Detailed Description
Reference will now be made in detail to embodiments of the present application, examples of which are illustrated in the accompanying drawings, wherein like or similar reference numerals refer to the same or similar elements or elements having the same or similar function throughout. The embodiments described below with reference to the drawings are exemplary and intended to be used for explaining the present application and should not be construed as limiting the present application.
The definitions and related terms in this application are first introduced.
Bit segment:
the bit segment is a part of a certain number in binary representation, for example, the 2 nd to 4 th bits of the binary number 101011 are a bit segment of the number.
The bit segments are denoted below using the notation:
a[p:q]
where a is a certain number, p is the lowest index of the bit segment, q is the highest index of the bit segment, the indices starting from 0, 0 representing the lowest bit. For example:
a[0:3]
a bit segment consisting of 0 rd bit to 3 rd bit of binary system representing the digit a, the width of the bit segment being 4
And (3) transverse reduction:
the transverse reduction refers to the following calculation process:
Figure BDA0003161252870000041
wherein G is the output of the calculation process, and the type is an elliptic curve point; b isiIs the input to the calculation process, each BiThe types of the points are all elliptic curve points, and the total number is 2ζ-1; ζ is the bit segment width, a constant parameter of the calculation process, often taken as 4.
Longitudinal reduction:
longitudinal reduction refers to the following calculation process:
Figure BDA0003161252870000042
wherein Q is the output of the calculation process, the type being an elliptic curve point; giIs the input to the calculation process, each GiThe types of the points are all elliptic curve points, and the total number is
Figure BDA0003161252870000043
λ is the coefficient field binary bit width, and is input dependent, with common values being 256, 384, 512, etc.; ζ is the bit segment width, a constant parameter of the calculation process, often taken as 4.
And (4) round:
the round is a certain cycle in an outer cycle of the algorithm, specifically, the algorithm comprises two layers of the outer cycle and an inner cycle, the outer cycle needs to read in M elliptic curve points and M coefficients each time, and M is usually 1K. The round refers to a certain time in the process of the loop iteration.

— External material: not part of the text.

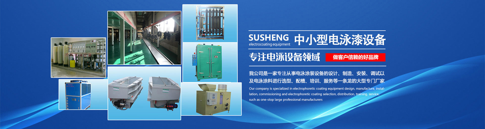 本公司是專門從事電泳涂裝設備以及電泳流水線、環保設備的廠家,主推電泳涂裝設備+環保科技設備一站式生產銷售服務。公司集設計制造、安裝、調試一體化服務,解決客戶因行業技術盲區所困擾的難題。公司在全國各地開辦了分公司及辦事處,向全國各地新老客戶推出一系列產品:大型電泳流水線、新型涂裝線、廢氣廢水處理設備、工業凈水設備、烘干設備、超聲波清洗設備、各類檢測儀、設備零部件等等。
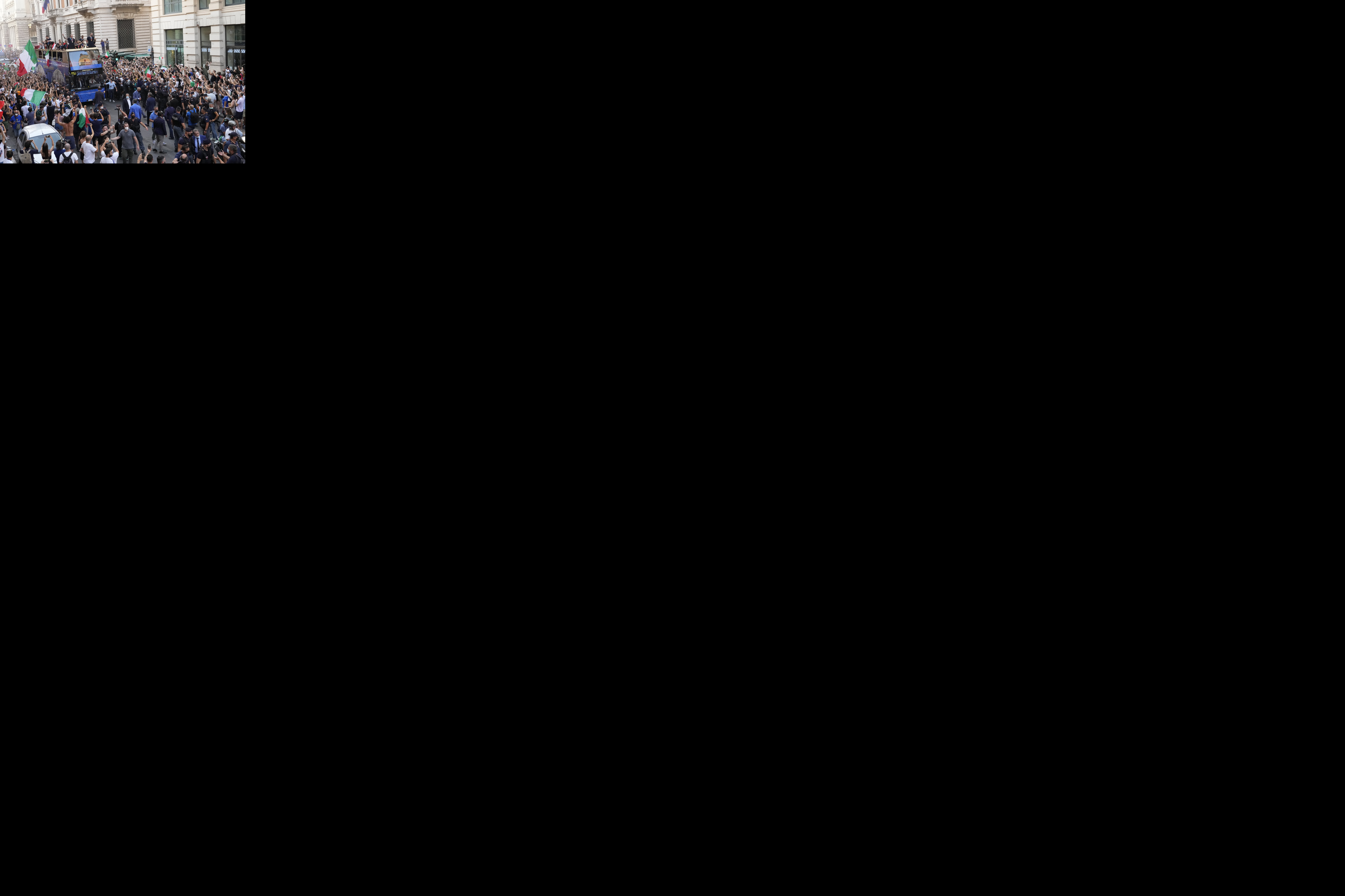 Foto: Tanjug/AP"Plavi" su, u autobusu bez krova, u masi navijača koji su okupirali rimske ulice, prošli dva kilometra puta od predsedničke palate do sedišta vlade.

Each round is hereinafter denoted and distinguished by the k-th round, where k is referred to as the round number or round index, starting with 0 and having a maximum value of
Figure BDA0003161252870000051
N is the input size of the whole algorithm,
Figure BDA0003161252870000052
presentation pair
Figure BDA0003161252870000053
The result of (2) is rounded up.
The order:
the bit order refers to a certain cycle in an algorithm inner cycle, specifically, the algorithm comprises an outer cycle and an inner cycle, the inner cycle reads in corresponding bit segments of M coefficients and M elliptic curves with p and q as bit segment parameters each time, namely, M bit segments and M coefficients are read in total, M is usually 1K, and p and q are related to cycle parameters. The bit order refers to a certain time in the loop iteration process.
The individual digits are denoted and distinguished below by the kth digit, where k is referred to as the digit number or digit index, starting from 0 and having a maximum value of
Figure BDA0003161252870000054
The functional relationship between the lowest subscript and the highest subscript of a corresponding bit segment of a certain order and a bit order number exists, the functional relationship between the called order number and the lowest subscript of the bit segment is low-order subscript mapping, the functional relationship between the called order number and the highest subscript of the bit segment is high-order subscript mapping, and the functional relationship between the called order number and a tuple consisting of the lowest subscript and the highest subscript is subscript mapping.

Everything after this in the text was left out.